Letter to the Editor

Coronary angiography and bronchoscopy on brain-dead donors: is informed consent required?

DOI: https://doi.org/10.4414/smw.2015.14130
Publication Date: 14.04.2015
Swiss Med Wkly. 2015;145:w14130

Anne Laure Dalle Avea, David Martin Shawb

a Ethics Unit, University Hospital of Lausanne, Lausanne, Switzerland

a Institute for Biomedical Ethics, University of Basel, Basel, Switzerland

 

Brain-dead potential organ donors are an important source of organs in transplantation medicine. After declaration of brain death, it is often necessary (depending on donor age, diagnosis and risk factors) to assess organ suitability for transplantation. To this end, coronary angiography or/and bronchoscopy can be requested by the transplant team [1].

Coronary angiography and bronchoscopy are generally not specifically mentioned in consent forms for deceased organ donation [2, 3]. These two procedures are thus included in sentences such as “I understand and agree that…organ specific and routine organ function testing will be performed and drugs administered” [2]. This is surprising, considering the fact that less invasive procedures, such as blood samples, are usually mentioned in the written informed consent form for organ donation [2, 3].

It appears that oral information concerning bronchoscopy and coronary angiography is usually given to the family. In the United Kingdom, for instance, according to the National Institute for Health and Clinical Excellence (NICE) guidelines on organ donation, it is necessary to provide information to the family on “what interventions may be required between consent and organ retrieval” [4].

Invasive procedures normally require specific consent [5]. Here, however, we face a different situation, for two reasons: (1.) these two procedures are conducted on a dead patient, and (2.) these two procedures are conducted for the benefit of a third party. As the patient is dead, he or she is not able to experience any kind of suffering. Damage to bodily integrity is a risk of coronary angiography or/and bronchoscopy. However, compared with organ retrieval, an already accepted procedure, the damage to the body will be minimal.

However, psychological harm to family members is possible if coronary angiography or bronchoscopy is performed without their knowledge. A family could accept organ donation, but nonetheless become uncomfortable seeing their loved one transported to the cardiac catheterisation laboratory, for instance, particularly if they have not been informed about the procedure.

It is likely that any family that was clearly informed about a procedure that is essential to facilitate donation would agree to it (provided they supported donation in principle). Transparency around all organ donation procedures is essential to maintain family trust concerning organ donation.

Thus, the medical community should perform these two invasive procedures on brain-dead potential organ donors, only when the family has been informed (or when their consent has been obtained, in the case of patients who are not registered donors). Obviously, these two procedures should be performed only if they are necessary to assess the suitability of organs for donation [6].
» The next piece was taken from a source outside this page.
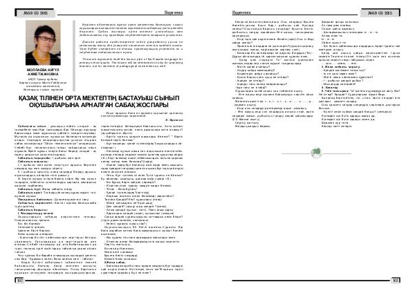 This work represents itself the lesson plan of the Kazakh language for primary school pupils. The lesson will be interested not only for practicing teaches, but for students of pedagogical universities as well.

It is our view that in order to avoid inflicting any psychological harm on the family, the possibility of invasive procedures such coronary angiography and bronchoscopy should be discussed while explaining the organ donation process to the family members.

Although oral consent is probably the rule in most hospitals, we recommend that consent for possible bronchoscopy or coronary angiography should be included in the written informed consent form for deceased organ donation, as is the case for blood samples. This will strengthen family trust and ensure good medical practice.

Disclosures: No financial support and no other potential conflict of interest relevant to this article was reported.

Correspondence

Correspondence: Dalle Ave, Anne Laure MD, MS, Ethics Unit, University Hospital of Lausanne, Rue du Bugnon 21, CH-1011 Lausanne, Switzerland, Anne.Delle-Ave@chuv.ch

References

1 Shemie SD, Ross H, Pagliarello J, Baker AJ, Greig PD, Brand T, et al. Organ donor management in Canada: recommendations of the forum on medical management to optimize donor organ potential. CMAJ. 2006;174(6):13–30.

2 Consent for donation of organs and/or tissues from British Columbia. http://www.transplant.bc.ca/sites/default/files/documents/files/Consent%20for%20Donation%20of%20Organs%20and%20Tissues_Jan%202014_0.pdf

3 Ministry of Health, NSW, North Sydney. Policy directive: Deceased organ and tissue donation – consent and other procedural requirements. 2013. http://www0.health.nsw.gov.au/policies/pd/2013/pdf/PD2013_001.pdf

4 National Institute for Health and Clinical Excellence (NICE) Guidelines: Organ donation for transplantation: Improving donor identification and consent rates for deceased organ donation. 2011. www.nice.org.uk/guidance/CG135

5 Virtual Mentor. AMA Code of Medical Ethics’ Opinions on Organ Transplantation. American Medical Association Journal of Ethics 2012;14(3):204–14.

6 The ANZICS (Australian and New Zealand Intensive Care Society) Statement on death and organ donation. Edition 3.2. 2013.